Any advice for a romantic-cynic-intelligent-funny-guy? I can take the brutal truth folks, but bonus points if you can say it with humor. At times I really do feel completely rut-stuck, despite the few good things I DO have. I am really just afraid of being so damaged I will not be good for anyone.


----------



## srr (May 3, 2012)

*Re: Post divorce and just flat-out-worn-out in life. That and the "fear" thing.*

It is good you have a steady job and are working towards a management postion. And you have some good friends. In those ways it sounds like you are doing well. 

It's unkind of your ex to make "father-figure" comments. You could just reply that you are "glad everyone is getting along so well". Because if her boyfriend really is treating your sons well, then that is good, right? That guy is no replacement for you- but he is in their lives. 

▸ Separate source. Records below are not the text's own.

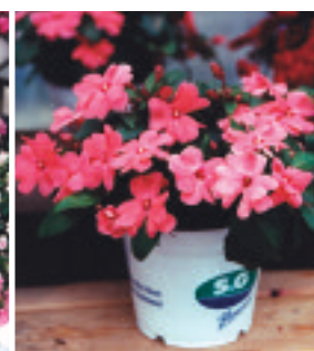
'Kokomo Petite Salmon'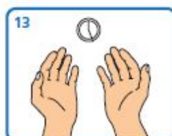
13 Hand washing should take 15–30 seconds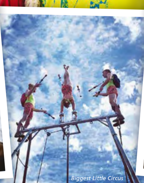
Biggest Little Circus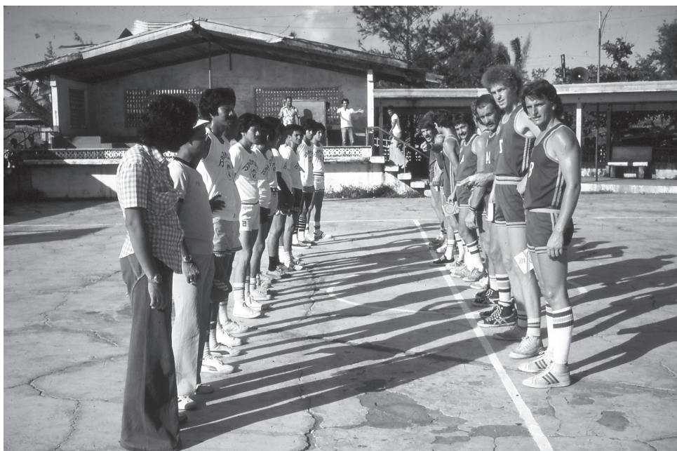
Figure 17. Game Number Two with Fresh Team

So I can tell you all about the trajectory of absolute certainty and fundamentalism, because I have experienced it and, thankfully, escaped from it. Fundamentalism is an ideology that seeks total control and dehumanises the very nature of what it is to be human. There is no freedom or love in fundamentalism. There is no tolerance or faith in absolutism. There is no openness, learning or listening in fundamentalism. Any ideology that promotes absolute control, absolute certainty and perfectionism is a dehumanising ideology.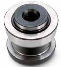
Product Nr. 0900 5-Axis Clamping Block Puller Bolt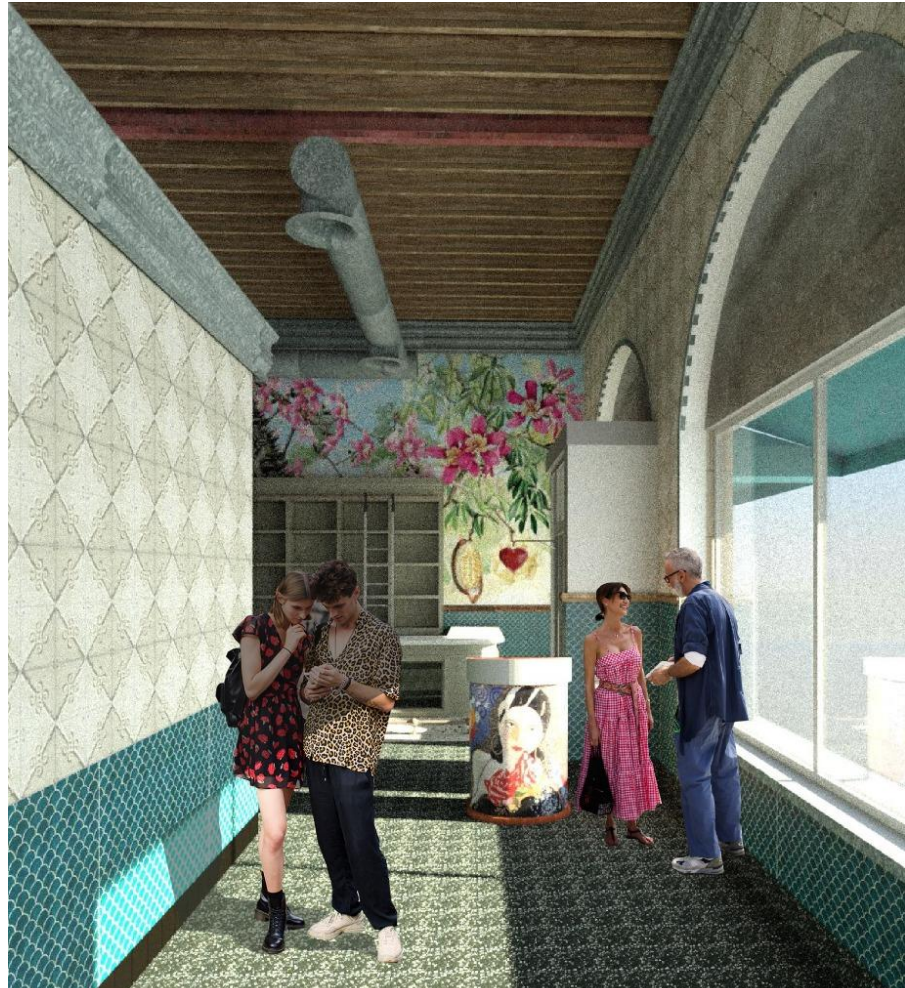
(D) PROPOSED RESTAURANT NOT TO SCALE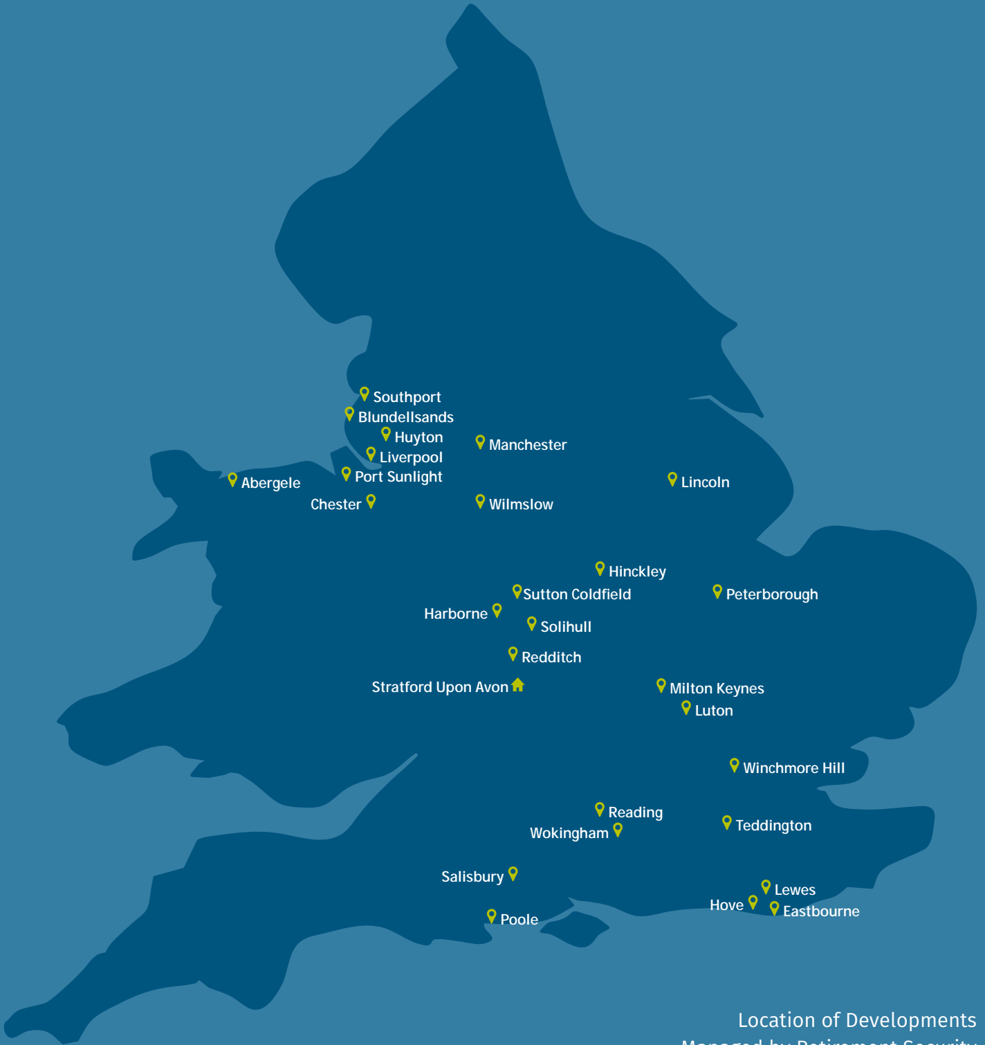
Location of Developments Managed by Retirement Security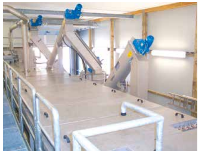
Odour-encased screenings discharge from the HUBER Complete Plant ROTAMAT® Ro5.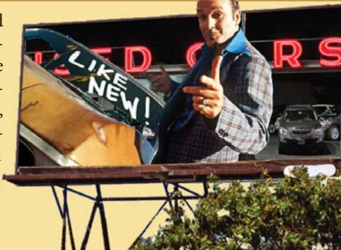
Is this the kind of in-your-face promotion we really want for Freemasonry?

To an extent, we have. E-mails, FreemasonNetwork.org, SR Chirp, Facebook, Twitter, and social media give us numerous opportunities to communicate in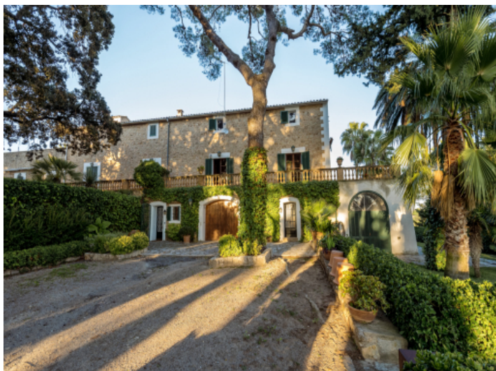
Rustic entrance area of the main building

Do you have a friend or relative who would let you stay overnight occasionally with the boys? Even if you don't, you can make your time with them great by giving them your attention- being truly interested in them and having fun with them. 

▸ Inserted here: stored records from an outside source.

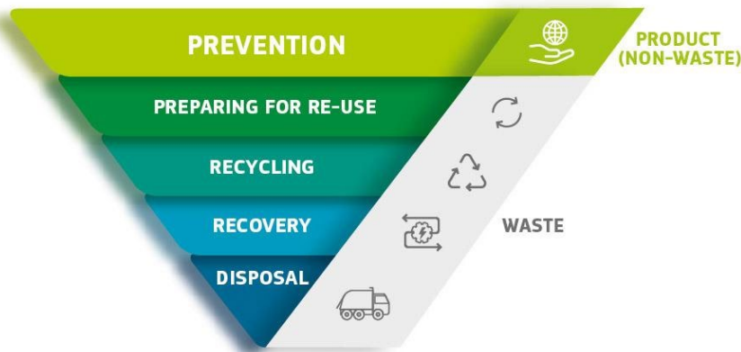
Figure 19-1 European Waste Hierarchy

Waste prevention is seen by the European Commission as the key factor in any waste management approach. If the arisings of waste can be reduced in the first place, or the use of dangerous substances in products reduced, then disposal automatically becomes simpler. Waste prevention is linked with improving manufacturing methods and influencing consumers to demand greener products and less packaging.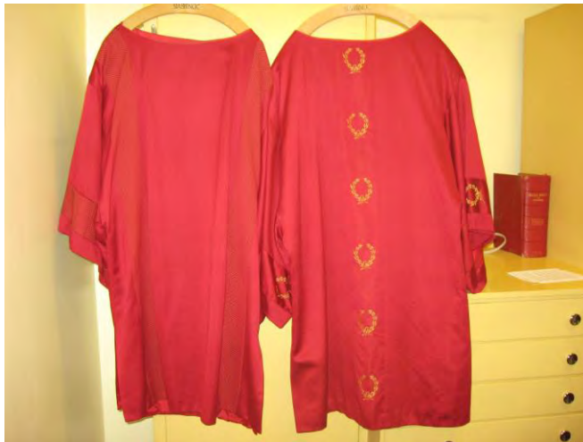
Contemporary vestments at St. Paul’s Cathedral, Regina: the deacon’s dalmatic (right) has more ornamentation than the sub-deacon’s tunicle (left).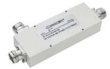
6 dB ValuDAS™ Coupler 4.3-10 Female Connector (VD-C6-CPUSEW-43B)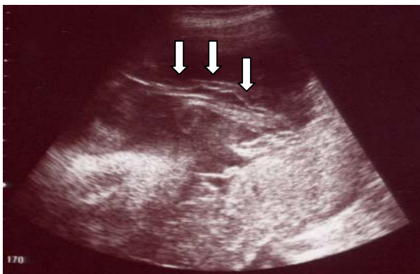
Figure 3: The Amniotic Bands or Sheets Floating Freely in the Amniotic Cavity (arrows)

A forty years old lady, gravida 7, Para 4. Her obstetrics history was uneventful except for previous two miscarriages in the immediate proceeding pregnancy for which she underwent uterine evacuation. She was referred for ultrasound examination at 35 weeks gestations for fetal presentation. Her previous dating and anomaly scans were normal. On scanning, fetal biometry were corresponding to date, however, amniotic band were noted floating freely adjacent to the fetal head and lower limbs (Figure 3). The fetus was seen separate from the membranes. Careful fetal assessment was done and no abnormalities were detected. The mother was counselled regarding the possibilities of the fetus attaching itself to the band with the risk of developing amputation defects. Follow up scan was arranged one week later, which was reassuring. The lady had spontaneous delivery at 37 weeks gestation, a male fetus was born weighing 2890 grams. Physical examination was normal.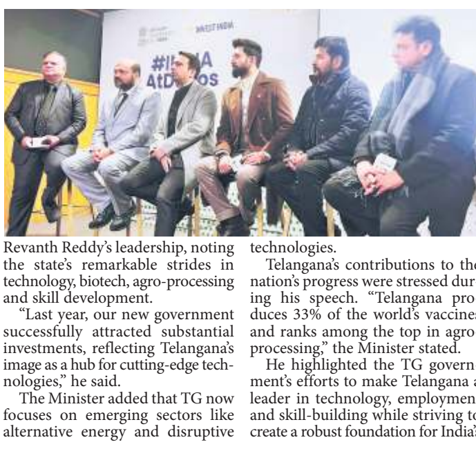
Revanth Reddy's leadership, noting the state's remarkable strides in technology, biotech, agro-processing and skill development. "Last year, our new government successfully attracted substantial investments, reflecting Telangana's image as a hub for cutting-edge technologies," he said. The Minister added that TG now focuses on emerging sectors like alternative energy and disruptive

PNS ■ HYDERABAD The World Economic Forum's annual summit kicked off on a grand note with the inauguration of the India Pavilion, a celebration of India's federal spirit and its hopes for global leadership. Telangana Chief Minister A. Revanth Reddy, Union Minister Jayant Chaudhary, Telangana Industries Minister Sridhar Babu and several other state leaders, officials and dignitaries attended the event. Speaking at the India Pavilion, Sridhar emphasised the collective strength of India's federal structure. "Bringing all states under a single banner showcases our unity in diversity. Together, we hope to make India a superpower, elevating humanity to the highest level," he stated. Sridhar highlighted Telangana's achievements under Chief Minister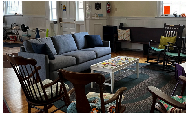
Above: Right: The Guild donated a new couch for the Dorothy Memorial Hall.

This month, we have our Winter Solstice ritual on the 22nd and Christmas Eve service on the 24th. With all the holidays and the very short winter days, being present is a necessity.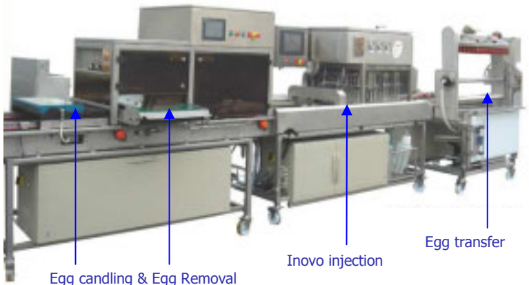
Egg candling & Egg Removal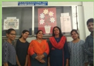
Display of poster in Knowledge Gallery under UGAD programme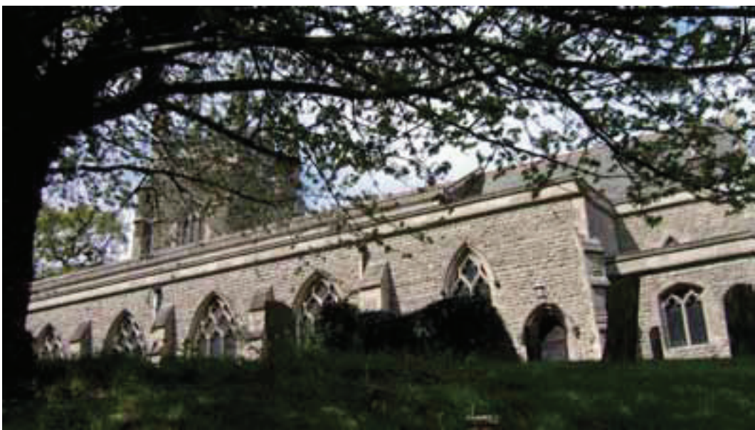
St James's Church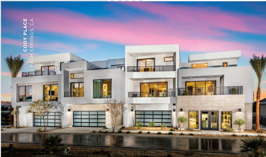
CODY PLACE PALM SPRINGS, CA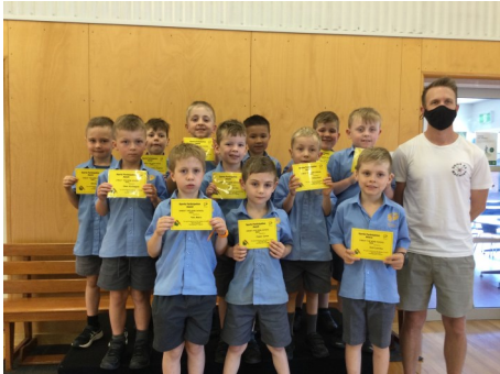
TERM 1 KANGA CRICKET SKILLS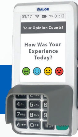
VL300 PIN Pad Solution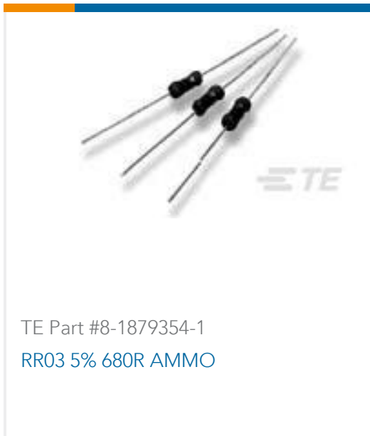
TE Part #8-1879354-1 RR03 5% 680R AMMO

Sounds like you're still hurting a lot after three years of divorce. Maybe you just didn't mention hobbies (and maybe you don't have a lot of free time), but having some interests and fun is part of taking good care of yourself- and will make it easier to connect with other people. 
A "romantic-cynic-intelligent-funny-guy" knows he has a lot of good times ahead of him, so he knows to keep moving forward, right?


----------



## doureallycare2 (Dec 10, 2012)

*Re: Post divorce and just flat-out-worn-out in life. That and the "fear" thing.*

there are some really good books out there on helping you to become the person you would want to date... your still viewing your self through the "failure" eyes of a marrage... dont let her take "your" value away!!


----------